The above site gives you the first page of this article but will only let you see the second page if you sign up to JAMA (Journal of the American Medical Association). Therefore I have provided the second page below:

     "Implications
     "Le Grand's work on post-World War II British social policy found that perceptions of human motivations gradually transformed, with the prevailing view of the typical British citizen morphing from knight into knave as the costs of maintaining an expensive welfare state increased.
     "US perspectives on physicians have undergone a similar transformation with the increasing cost (both to taxpayers and to individual patients) of health care delivery. As physician behavior has been tied to these rising costs and increasing scrutiny has been applied to the quality of care delivered, policy discourse often reflects the perspective that physicians are an obstacle not an enabler to a functioning health care system. Rather than being counted on to exercise their professional ethic to address problems in health care delivery, physicians should be guided to do what is right with an increasing menu of incentive payments (ie, pay for performance or value-based purchasing) or strict regulations. Rather than being counted on to maintain their knowledge and expertise on their own accord, they are subject to periodic examinations to demonstrate continued proficiency.
    "These views are grounded in evidence of unwarranted variation in care, clear evidence of waste and even fraud, and decline in knowledge over time.The modern US physician is regarded as either a knave or a pawn and is seldom regarded as a knight. but the evidence that has led to distrust of physicians does not apply universally and many physicians still are the knights in the health care system. How can society be sure not to undermine those motivated by professionalism while guarding against those motivated by self-interest?
     "Not all policy prescriptions have abandoned the view of physician as knight. Prepaid models of health care payment such as accountable care organizations and the patient-centered medical home place responsibility in the hands of physicians -- with the idea that physicians will be responsible stewards. In these examples, physicians must be counted on to organize and structure care delivery, responsibly use resources, and measure and improve individual and population outcomes. Still, it is perhaps the knavish conception of physicians that makes these physician-driven models of health care delivery more the fodder of pilot projects and demonstrations than models that are rapidly adopted and widely disseminated.
     "Le Grand offers an important lesson and warning: it is critically important to understand and get 'true motivations' right. Disaster may follow if persons largely of a knavish quality are treated as knights; but the same maybe true for 'policies fashioned on a belief that people are knaves if the consequence is to suppress their natural altruistic impulses and hence destroy part of their motivation to provide a quality public service.' Le Grand further warns that policies that 'treat people as pawns, may lead to demotivated workers...again causing adverse outcomes for the polices concerned; while polices that give too much power...may result in individuals making mistakes that damage their own or others' welfare.
     "The US public would be wise to heed Le Grand's advice and carefully consider whether its perceptions of physicians match reality.
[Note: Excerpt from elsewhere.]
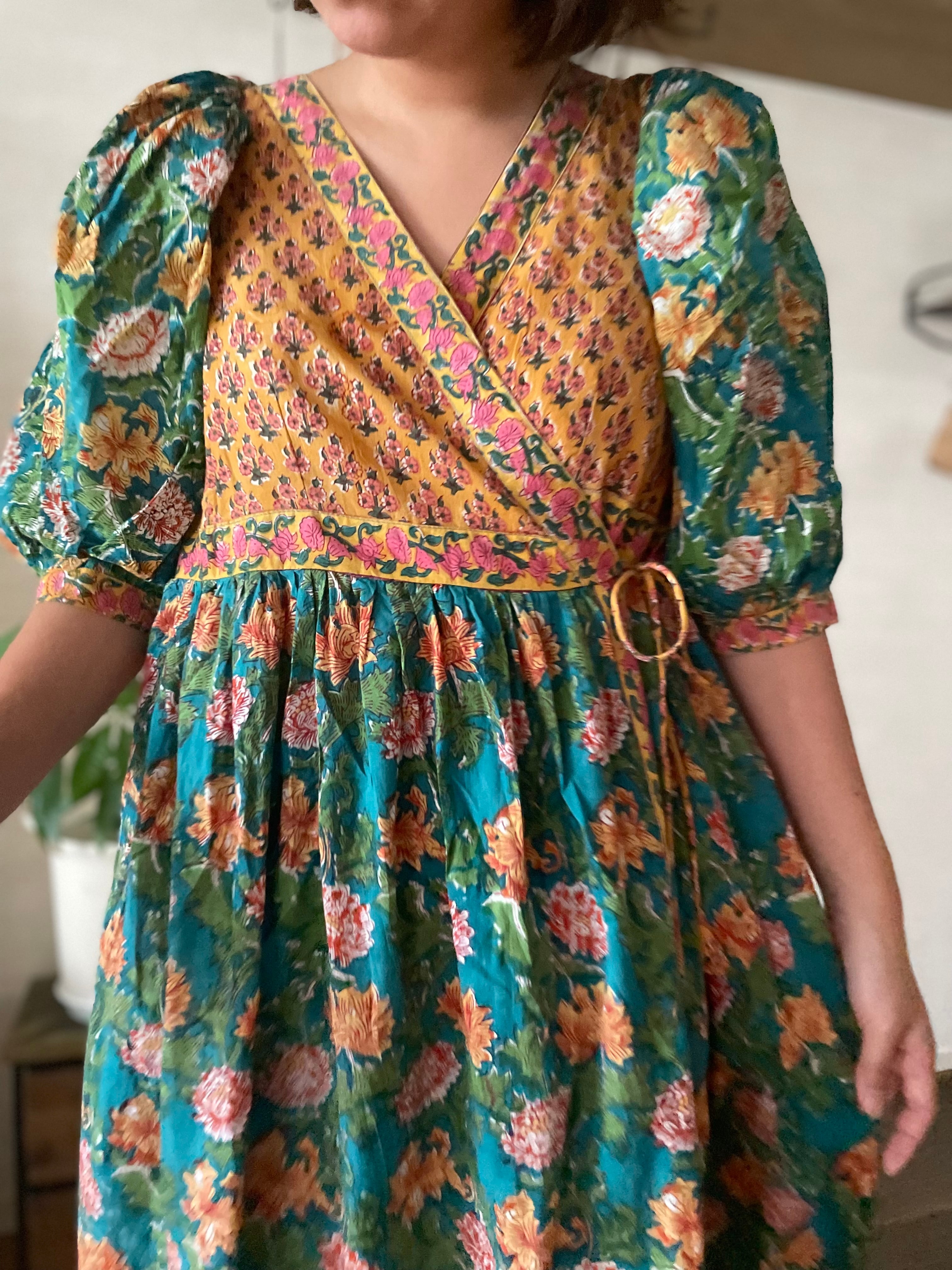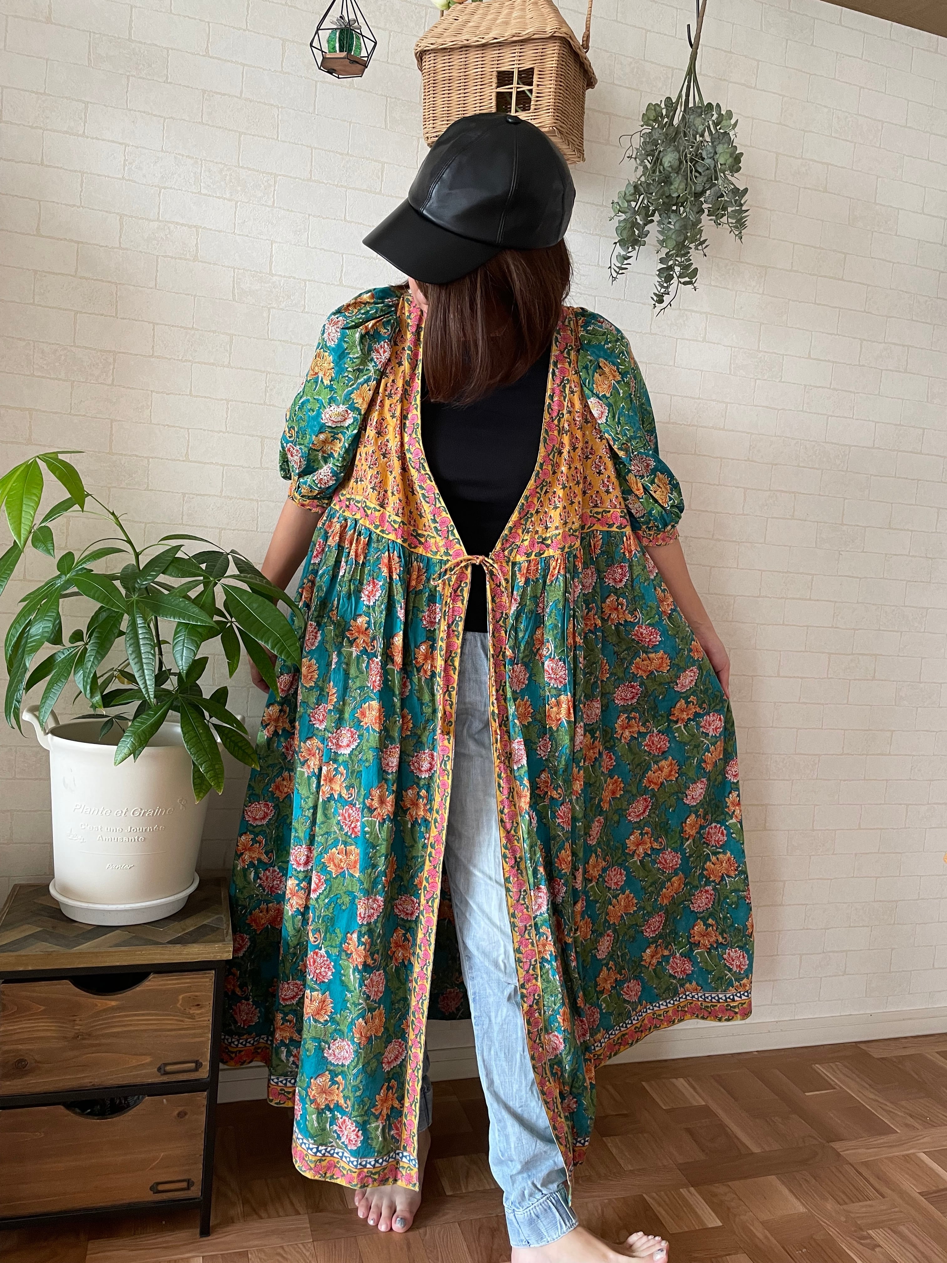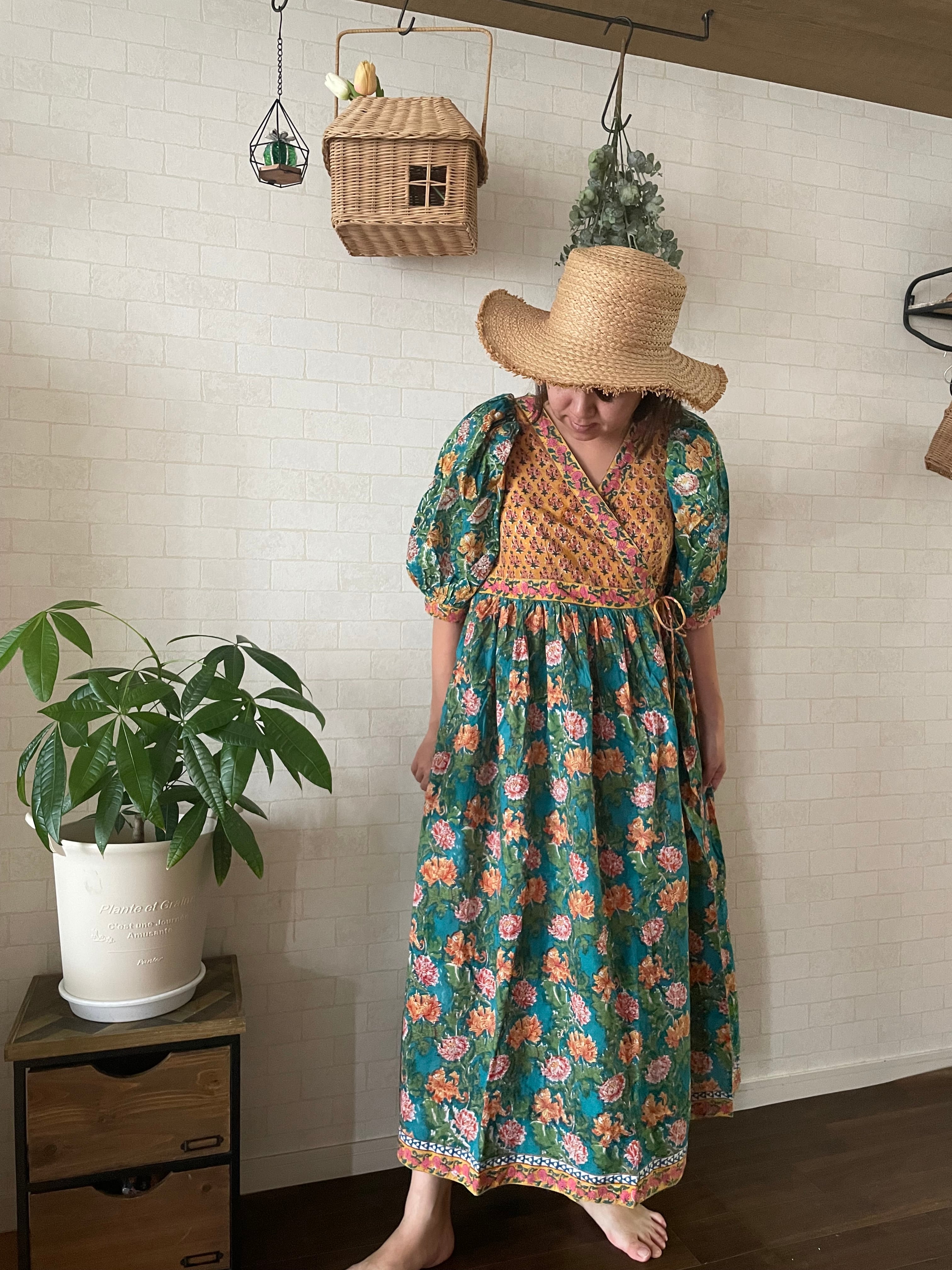 スカートと袖部分はエメラルドグリーンの生地、身頃部分はイエローにピンクの小花柄。
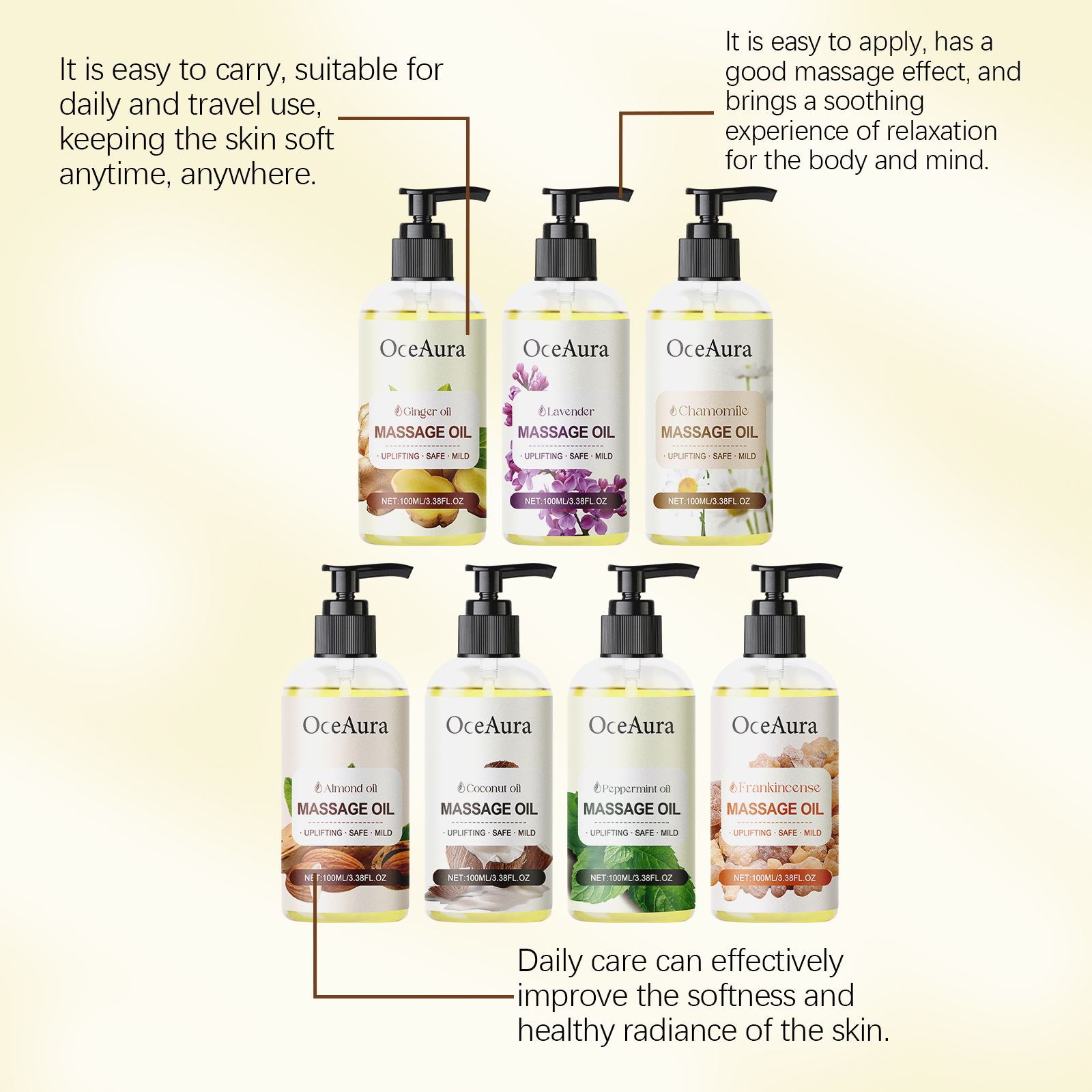 Our Coconut Oil body Essential oil contains coconut oil, tea tree oil, glycerin. It can help improve skin moisture, lock in moisture for a long time, and keep skin soft and smooth. Its application method is simple: 1. Clean the skin and keep it dry; 2. Apply appropriate amount to the whole body. 3. Gently massage until absorbed. Nourish and improve skin. Effectively protect skin and keep skin clean. Helps to lighten the skin and enhance skin vitality.

For their part, physicians must thoughtfully consider whether and how they contribute to the perception that they are knights, knaves, or pawns."

References:
 Le Grand J.  Motivation, Agency, and Public Policy: Of Knights, Knaves, Pawns and Queens, New York, NY; Oxford University Press, 2003.

Choudhry NK, Fletcher RH, Soumeral SB. Systematic review: the relationship between clinical experience and quality of health care.  Ann Intern Med. 2005; 142(4) 260-273

Committee on Quality and Health Care in American; Institute of Medicine. Crossing the Quality Chasm. Washington DC: National Academies Press 2001.

McClellan M, McKethan AN, Lewis, JL, Roski J, Fisher ES.  A national strategy to put accountable care into practice.  Health Aff (Millwood). 2010; 29(5) 982-990.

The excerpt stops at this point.